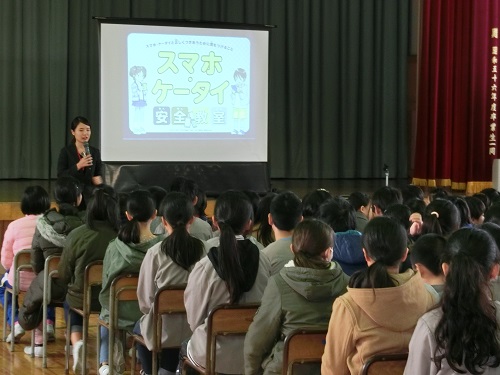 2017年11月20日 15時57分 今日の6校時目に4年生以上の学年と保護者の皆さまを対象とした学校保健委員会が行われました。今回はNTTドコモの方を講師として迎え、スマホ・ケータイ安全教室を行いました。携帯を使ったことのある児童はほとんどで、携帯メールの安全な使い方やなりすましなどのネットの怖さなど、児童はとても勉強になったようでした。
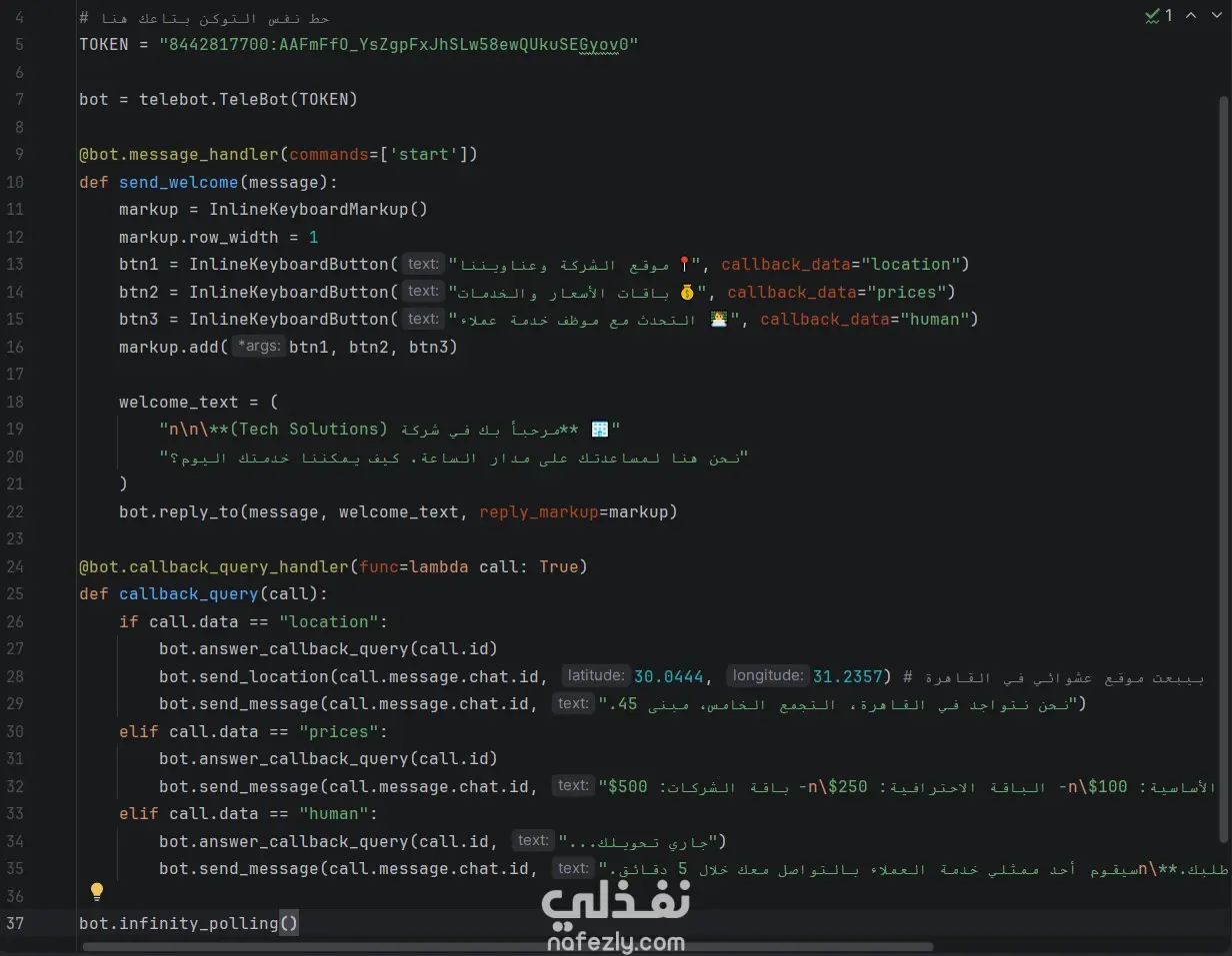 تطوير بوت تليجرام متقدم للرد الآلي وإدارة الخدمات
* * * * * * * * *
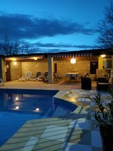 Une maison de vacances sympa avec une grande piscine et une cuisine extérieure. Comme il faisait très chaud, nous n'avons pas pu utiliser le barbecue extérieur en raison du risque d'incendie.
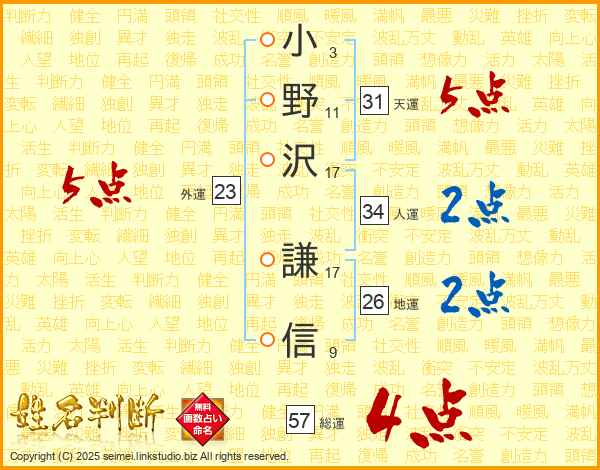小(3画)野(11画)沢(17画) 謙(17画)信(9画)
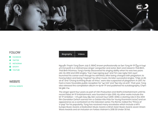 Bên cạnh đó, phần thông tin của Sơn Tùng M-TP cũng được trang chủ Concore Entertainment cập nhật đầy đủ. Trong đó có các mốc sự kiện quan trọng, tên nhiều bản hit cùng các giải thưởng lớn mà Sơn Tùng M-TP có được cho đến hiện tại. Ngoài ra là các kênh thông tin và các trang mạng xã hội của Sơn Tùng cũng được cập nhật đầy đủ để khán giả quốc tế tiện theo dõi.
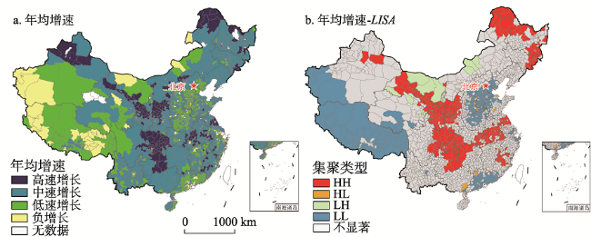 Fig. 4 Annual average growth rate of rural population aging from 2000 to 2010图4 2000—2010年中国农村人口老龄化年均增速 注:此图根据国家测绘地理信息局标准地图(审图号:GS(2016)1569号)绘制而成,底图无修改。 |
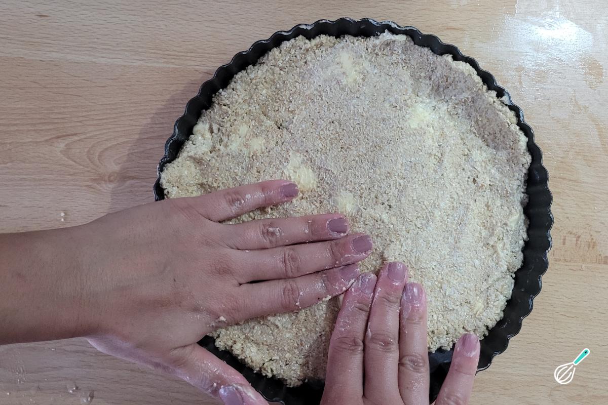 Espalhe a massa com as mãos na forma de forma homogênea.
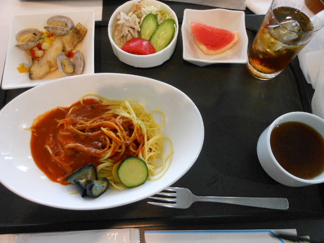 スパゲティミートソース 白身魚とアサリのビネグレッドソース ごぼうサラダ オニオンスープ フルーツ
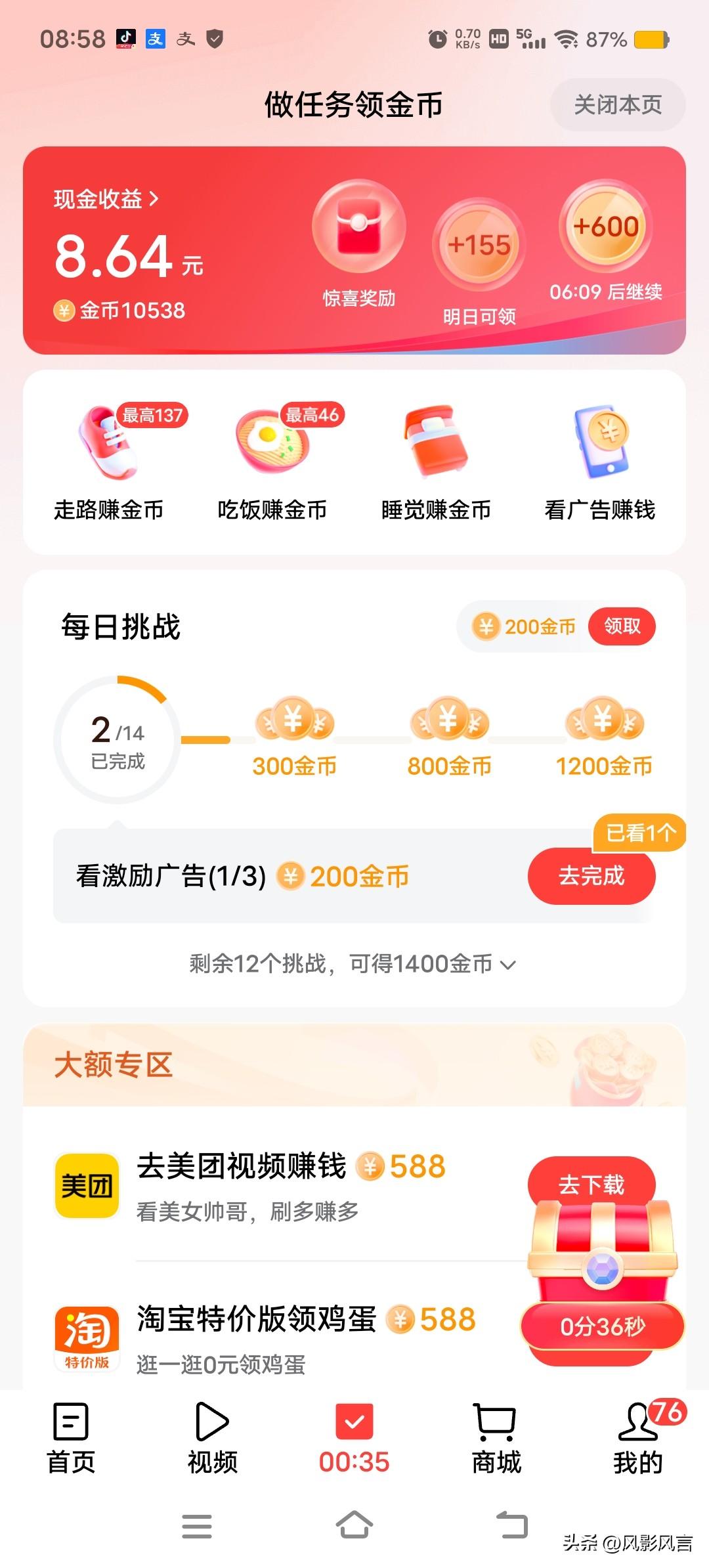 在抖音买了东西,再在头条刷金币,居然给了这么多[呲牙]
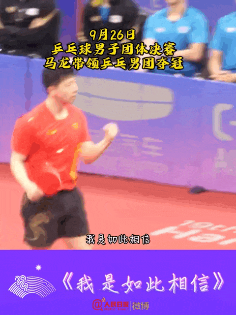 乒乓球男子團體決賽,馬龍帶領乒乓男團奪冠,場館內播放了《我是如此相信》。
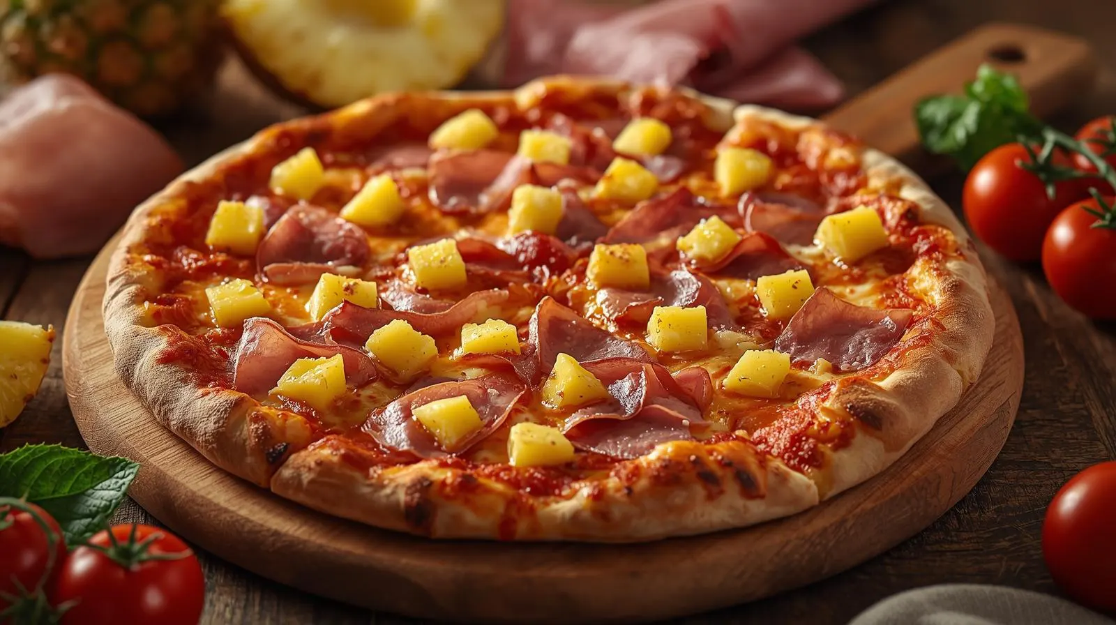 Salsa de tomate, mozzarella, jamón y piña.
* * * * * * * * *
- The problem -
Go to the line above holding "スパゲティミートソース 白身魚とアサリのビネグレッドソース ごぼうサラダ", then copy exactly each line down to and including the one holding "Salsa de tomate, mozzarella, jamón y piña.", leaving pictures out.

- Answer section -
 スパゲティミートソース 白身魚とアサリのビネグレッドソース ごぼうサラダ オニオンスープ フルーツ
 在抖音买了东西,再在头条刷金币,居然给了这么多[呲牙]
 乒乓球男子團體決賽,馬龍帶領乒乓男團奪冠,場館內播放了《我是如此相信》。
 Salsa de tomate, mozzarella, jamón y piña.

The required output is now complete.